Barack Obama had the following to say in a meeting with the Washington Post editorial board:
On the Employee Free Choice Act, which would allow unions to organize by obtaining a majority of signatures from employees in a workplace rather than having to win secret-ballot elections, Mr. Obama signaled willingness to consider other mechanisms to address the concern that employers unfairly use the current process to intimidate workers not to join unions. And he seemed in no hurry to have Congress bring it up. “If we’re losing half a million jobs a month, then there are no jobs to unionize, so my focus first is on those key economic priority items,” Mr. Obama said, declining to state whether he wanted to see the issue debated during his first year in office.
It’s unclear from this what “other mechanisms” Obama could have in mind, but one possibility is that he could allow the Labor Department to take actions under the radar to strengthen unions without having to ignite a contentious legislative battle. Under Elaine Chao, the Department has actually taken its responsibility of regulating unions seriously. Last week the Office of Labor-Management Standards, which carries out that duty, reported that in the last 8 years, it had pursued criminal cases that led to the conviction of 929 corrupt union officials, recovering over $93 million for union members.
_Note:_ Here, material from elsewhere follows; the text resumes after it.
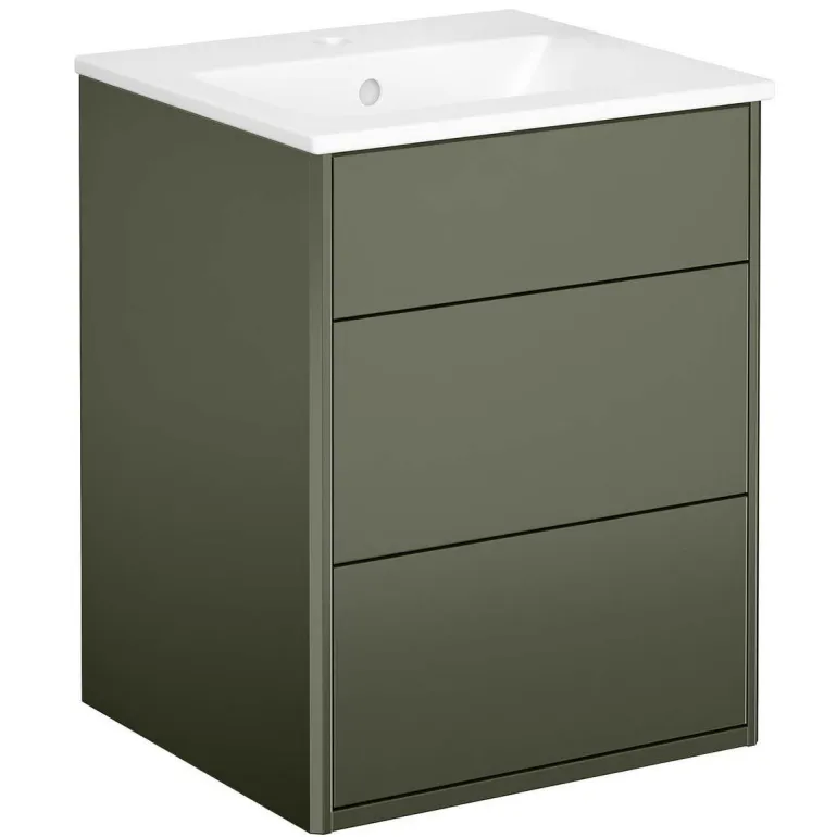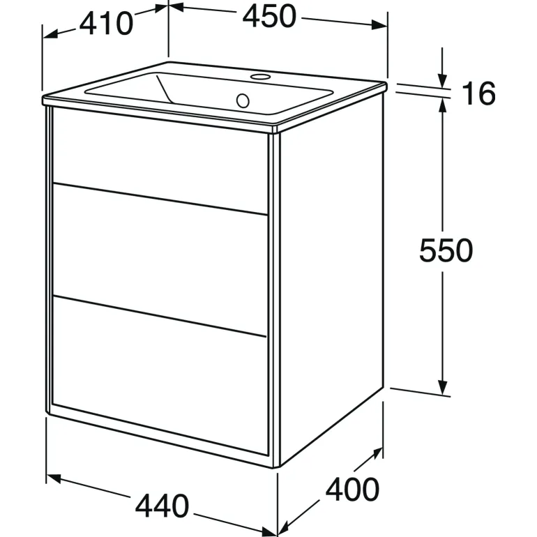 Pesuallaskaappi (45 cm) kokoleveällä pesualtaalla, pehmeästi sulkeutuvilla laatikoilla ja kapealla syvyydellä, joka tekee siitä soveltuvan myös pienempiin kylpyhuoneisiin. Kaapin rungon, ovien ja laatikoiden materiaali on kosteudenkestävää ja kylpyhuoneisiin tarkoitettua MDF-levyä.

In part, it’s the aggressive policing of unions by the Chao Labor Department as well as the liberal accusation that she’s in the pockets of big business, that provided the impetus for the drive for “card check.” But now that big labor will have one of their own in charge of the Labor Department in Hilda Solis, things will change. Maybe Obama is thinking that he can slip one by the goalie by using the regalatory tools of the Labor Department to decrease scrutiny of unions and pressure businesses without having to go through Congress. Business groups will make a stink and conservatives who closely follow these issues will huff and puff, but at the end of the day most Americans don’t have a clue what happens inside the Frances Perkins Building, nor do they care.